Source data -
+ + + + + + +

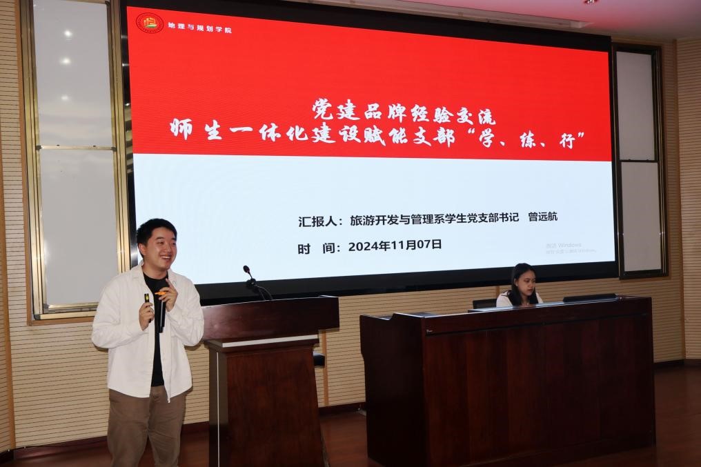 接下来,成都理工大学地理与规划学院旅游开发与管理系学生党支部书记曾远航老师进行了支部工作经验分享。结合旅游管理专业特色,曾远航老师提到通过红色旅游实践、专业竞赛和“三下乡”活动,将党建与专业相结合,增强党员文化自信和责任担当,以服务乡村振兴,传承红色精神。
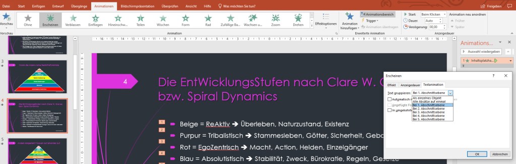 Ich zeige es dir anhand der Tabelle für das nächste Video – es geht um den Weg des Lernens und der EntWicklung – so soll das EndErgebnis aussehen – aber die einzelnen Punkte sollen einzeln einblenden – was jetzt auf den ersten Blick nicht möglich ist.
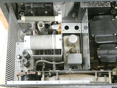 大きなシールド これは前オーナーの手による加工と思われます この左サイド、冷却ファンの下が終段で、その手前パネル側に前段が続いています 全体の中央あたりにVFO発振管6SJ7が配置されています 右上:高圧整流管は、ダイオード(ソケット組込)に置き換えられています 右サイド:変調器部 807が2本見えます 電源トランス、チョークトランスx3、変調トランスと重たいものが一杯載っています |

+ + + + + + +

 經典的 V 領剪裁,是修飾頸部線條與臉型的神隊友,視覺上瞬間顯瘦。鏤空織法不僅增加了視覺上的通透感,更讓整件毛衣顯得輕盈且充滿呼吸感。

+ + + + + + +

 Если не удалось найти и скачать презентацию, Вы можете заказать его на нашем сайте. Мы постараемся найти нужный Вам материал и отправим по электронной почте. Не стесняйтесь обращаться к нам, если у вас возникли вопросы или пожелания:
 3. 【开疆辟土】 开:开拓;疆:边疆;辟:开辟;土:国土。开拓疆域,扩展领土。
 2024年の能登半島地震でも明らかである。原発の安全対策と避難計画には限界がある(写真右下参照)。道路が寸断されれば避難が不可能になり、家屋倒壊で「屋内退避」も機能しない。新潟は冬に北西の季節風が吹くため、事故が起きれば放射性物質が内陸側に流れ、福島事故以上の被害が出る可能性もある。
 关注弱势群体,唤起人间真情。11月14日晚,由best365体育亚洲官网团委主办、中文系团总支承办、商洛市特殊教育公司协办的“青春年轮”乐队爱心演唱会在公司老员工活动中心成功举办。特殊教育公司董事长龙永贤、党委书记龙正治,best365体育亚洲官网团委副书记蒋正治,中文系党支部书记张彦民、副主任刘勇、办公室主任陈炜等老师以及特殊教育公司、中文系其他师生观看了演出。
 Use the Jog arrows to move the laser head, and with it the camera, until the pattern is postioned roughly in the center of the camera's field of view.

+ + + + + + +

Word for word, restate the lines of the data above that fall between the line holding "Если не удалось" and the line holding "Use the Jog", inclusive, and no other lines.

Response below -
 Если не удалось найти и скачать презентацию, Вы можете заказать его на нашем сайте. Мы постараемся найти нужный Вам материал и отправим по электронной почте. Не стесняйтесь обращаться к нам, если у вас возникли вопросы или пожелания:
 3. 【开疆辟土】 开:开拓;疆:边疆;辟:开辟;土:国土。开拓疆域,扩展领土。
 2024年の能登半島地震でも明らかである。原発の安全対策と避難計画には限界がある(写真右下参照)。道路が寸断されれば避難が不可能になり、家屋倒壊で「屋内退避」も機能しない。新潟は冬に北西の季節風が吹くため、事故が起きれば放射性物質が内陸側に流れ、福島事故以上の被害が出る可能性もある。
 关注弱势群体,唤起人间真情。11月14日晚,由best365体育亚洲官网团委主办、中文系团总支承办、商洛市特殊教育公司协办的“青春年轮”乐队爱心演唱会在公司老员工活动中心成功举办。特殊教育公司董事长龙永贤、党委书记龙正治,best365体育亚洲官网团委副书记蒋正治,中文系党支部书记张彦民、副主任刘勇、办公室主任陈炜等老师以及特殊教育公司、中文系其他师生观看了演出。
 Use the Jog arrows to move the laser head, and with it the camera, until the pattern is postioned roughly in the center of the camera's field of view.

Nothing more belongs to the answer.